Auf der Fachmesse SPS/IPC/Drives in Nürnberg 2006 knüpfte Melhorn deshalb erstmals Kontakte zur Tele Haase Steuergeräte GmbH aus Wien und beschloss, deren Überwachungssystem WatchDog pro mit verschiedenen Frequenzumrichtertypen im Einsatz an der Spinnanlage zu testen. Schnell zeigte sich, dass sich mit den Modulen der Strom der Antriebsmotoren außergewöhnlich exakt überwachen lässt, erzählt Melhorn: »Wir haben die Tests mit WatchDogs bei zwei Frequenzumformern verschiedener Hersteller durchgeführt, und die Fehlerrate bei den Messwerten liegt nun unter einem Prozent; das war früher unmöglich.« Insgesamt lasse sich der Lauf der Antriebe mit dem intelligenten Überwachungssystem viel exakter steuern als bisher, freut sich Melhorn und stellt fest: »Das sichert eine hundertprozentig einwandfreie Faserqualität.«

Nach einem ausgiebigen Testlauf wurde das Überwachungssystem von Tele bei Lenzing inzwischen in den Vollbetrieb überführt und gewährleistet eine zuverlässige Messung der Ströme der Antriebsmotoren der Spinnmaschinen. Doch damit ist die Zusammenarbeit beider Unternehmen noch nicht am Ende, erzählt Melhorn: »In Zukunft sind auch Leistungsmessungen denkbar.« Besonders vorteilhaft ist für ihn dabei, dass sich das System mit dem störungsunempfindlichen Profibus-System betreiben lässt.
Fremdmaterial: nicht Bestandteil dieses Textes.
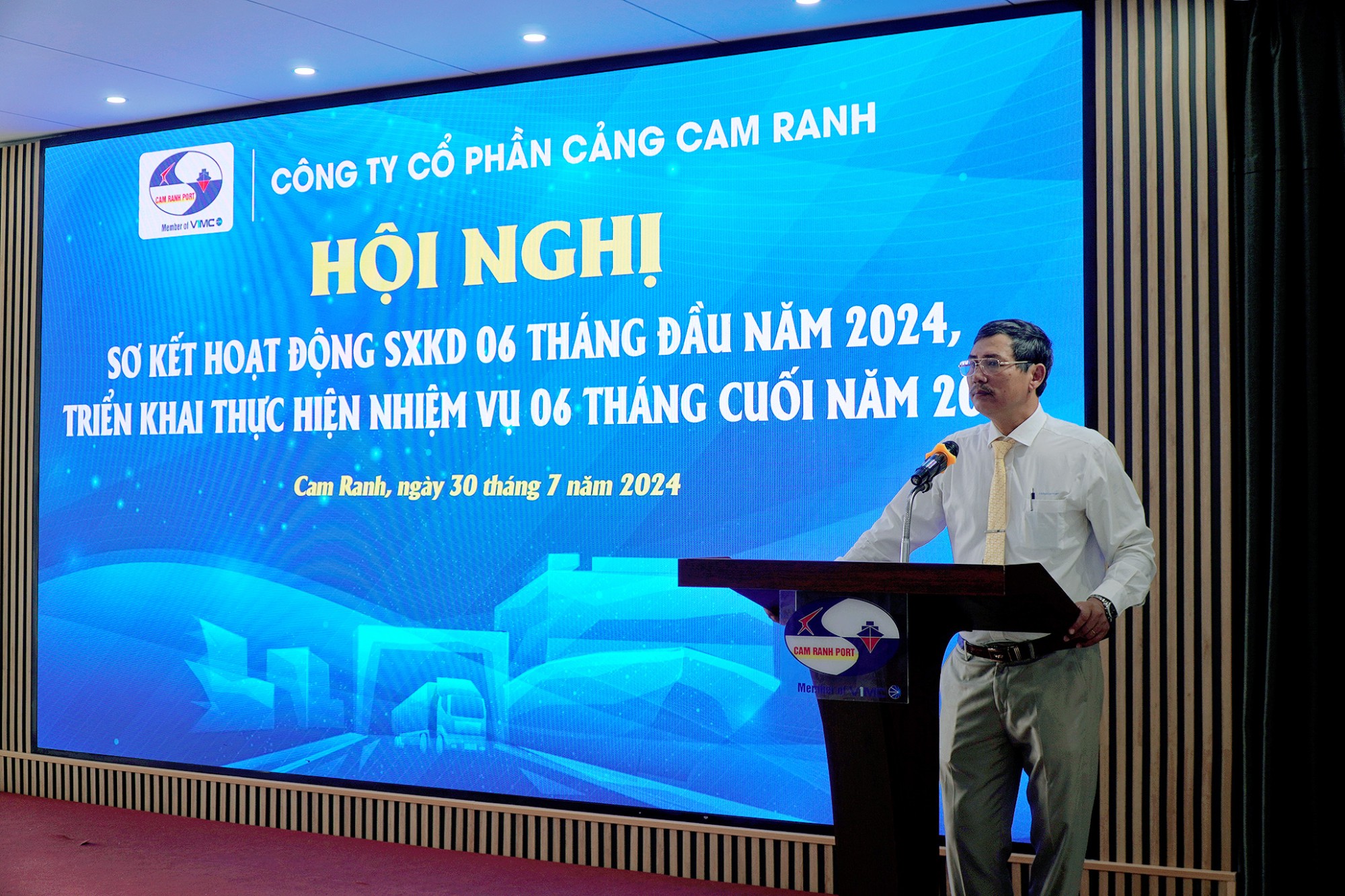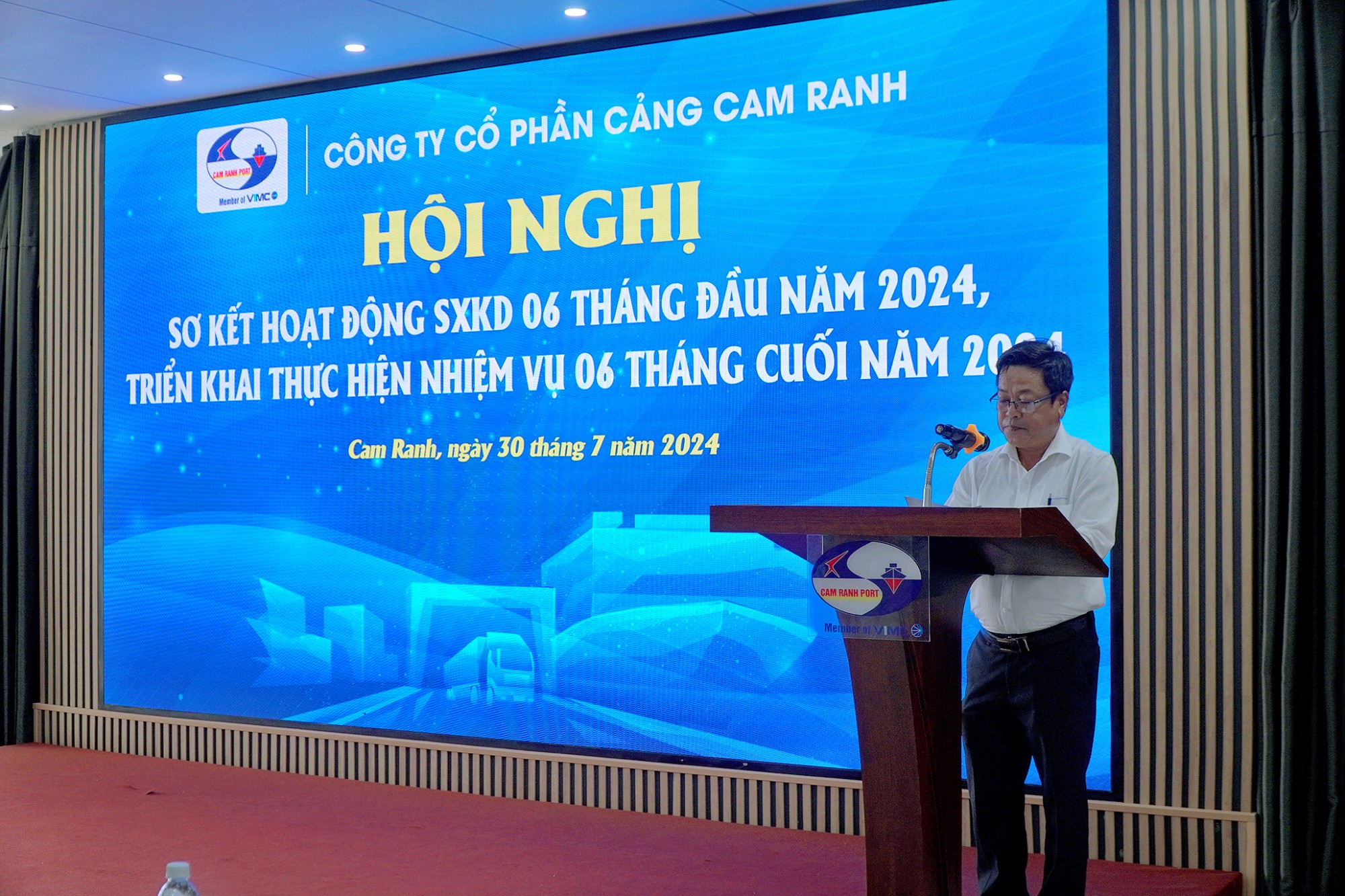 Sáng 30/07/2024, Công ty cổ phần Cảng Cam Ranh đã tổ chức hội nghị Sơ kết hoạt động sản xuất kinh doanh (SXKD) 6 tháng đầu năm 2024 với sự tham gia của lãnh đạo và toàn thể cán bộ công nhân viên (CBCNV) Công ty.
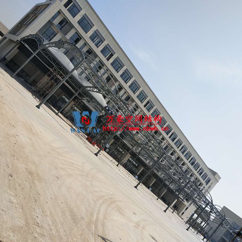 奉化方橋農(nóng)副鋼結(jié)構(gòu)雨棚工程位于浙江省寧波市奉化市內(nèi),此工程用鋼量100噸,膜結(jié)構(gòu)展開面積3500平米,由寧波萬豪空間結(jié)構(gòu)工程有限公司承建。
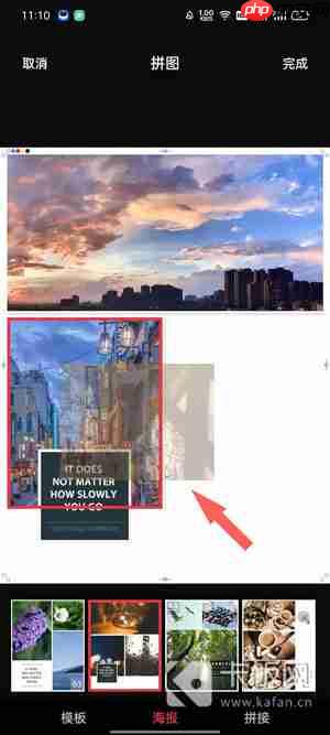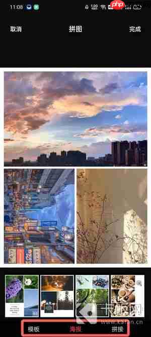 - 进入拼图界面后,你可以从下方选择【模板】、【海报】或【拼接】等选项,挑选适合的样式进行拼图。
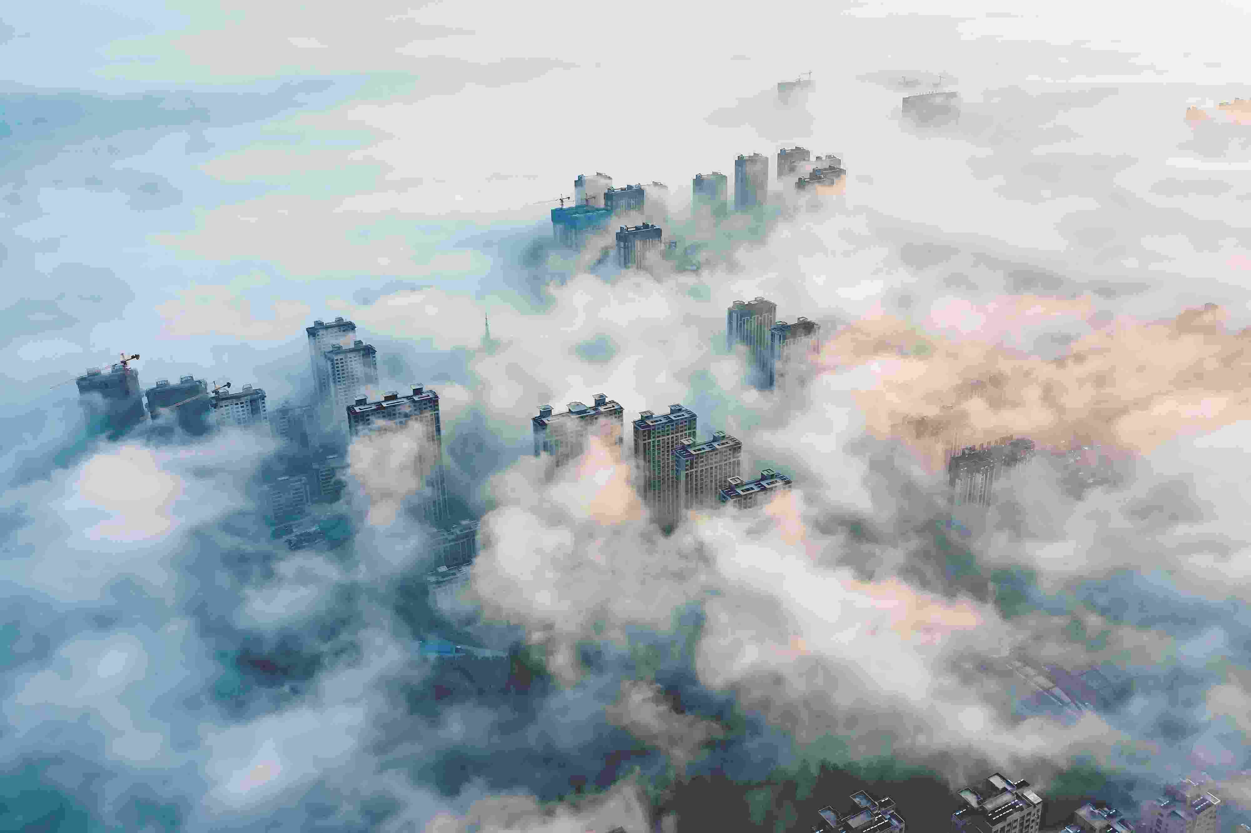 2023年6月11日,江蘇連云港東??h,城市上空云霧繚繞,蔚為壯觀。 視覺中國
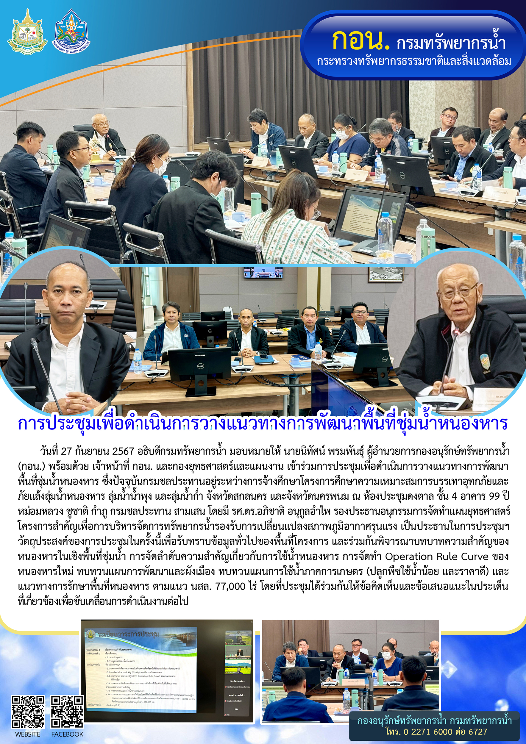 วันที่ 27 กันยายน 2567 อธิบดีกรมทรัพยากรน้ำ มอบหมายให้ นายนิทัศน์ พรมพันธุ์ ผู้อำนวยการกองอนุรักษ์ทรัพยากรน้ำ (กอน.) พร้อมด้วย เจ้าหน้าที่ กอน. และกองยุทธศาสตร์และแผนงาน เข้าร่วมการประชุมเพื่อดำเนินการวางแนวทางการพัฒนาพื้นที่ชุ่มน้ำหนองหาร ซึ่งปัจจุบันกรมชลประทานอยู่ระหว่างการจ้างศึกษาโครงการศึกษาความเหมาะสมการบรรเทาอุทกภัยและภัยแล้งลุ่มน้ำหนองหาร ลุ่มน้ำน้ำพุง และลุ่มน้ำก่ำ จังหวัดสกลนคร และจังหวัดนครพนม ณ ห้องประชุมดงตาล ชั้น 4 อาคาร 99 ปี หม่อมหลวง ชูชาติ กำภู กรมชลประทาน สามเสน โดยมี รศ.ดร.อภิชาติ อนุกูลอำไพ รองประธานอนุกรรมการจัดทำแผนยุทธศาสตร์โครงการสำคัญเพื่อการบริหารจัดการทรัพยากรน้ำรองรับการเปลี่ยนแปลงสภาพภูมิอากาศรุนแรง เป็นประธานในการประชุมฯ
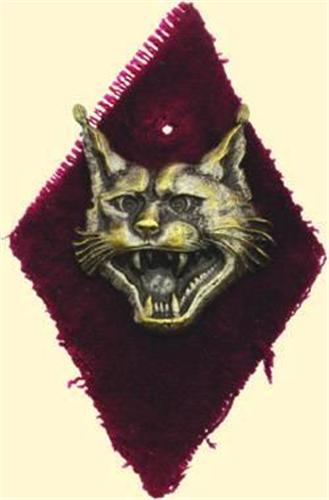 background, size (total) ca. 40 x 60 mm (lynx-head 24,6 x 28,3 mm); screw on reverse, maker's mark

In Zukunft sollen am Standort Lenzing auch andere Antriebe, bei denen keine Rückmeldungen über die Frequenzumrichter kommen, mit dem Überwachungssystem WatchDog pro gesteuert werden. Angedacht ist dabei unter anderem der Einsatz einer Leistungsmessung in der Trockneranlage, wo zirka 40 Gebläsemotoren im Einsatz sind. Für Melhorn ist jedenfalls klar, dass sich die Zusammenarbeit mit den Steuerungsspezialisten aus Wien gelohnt hat: »Das Überwachungssystem WatchDog pro bietet für Lenzing nicht nur klare funktionelle Vorteile gegenüber den bisherigen Lösungen, sondern stellt auch eine kostengünstige Alternative zum früheren Analogsystem dar.«

Stefan Diem, Tele Haase Steuergeräte

Fakten

- Die 1963 gegründete Tele Haase GmbH in Wien ist einer der Pioniere auf dem Gebiet der Überwachungstechnologie.

- Das Familienunternehmen entwickelt unter anderem Überwachungs- und Zeitrelais sowie Steuerungen.

- Das Überwachungssystem Watchdog pro verbindet klassische Überwachungsfunktionen mit den Kommunikationsmöglichkeiten von Feldbussen.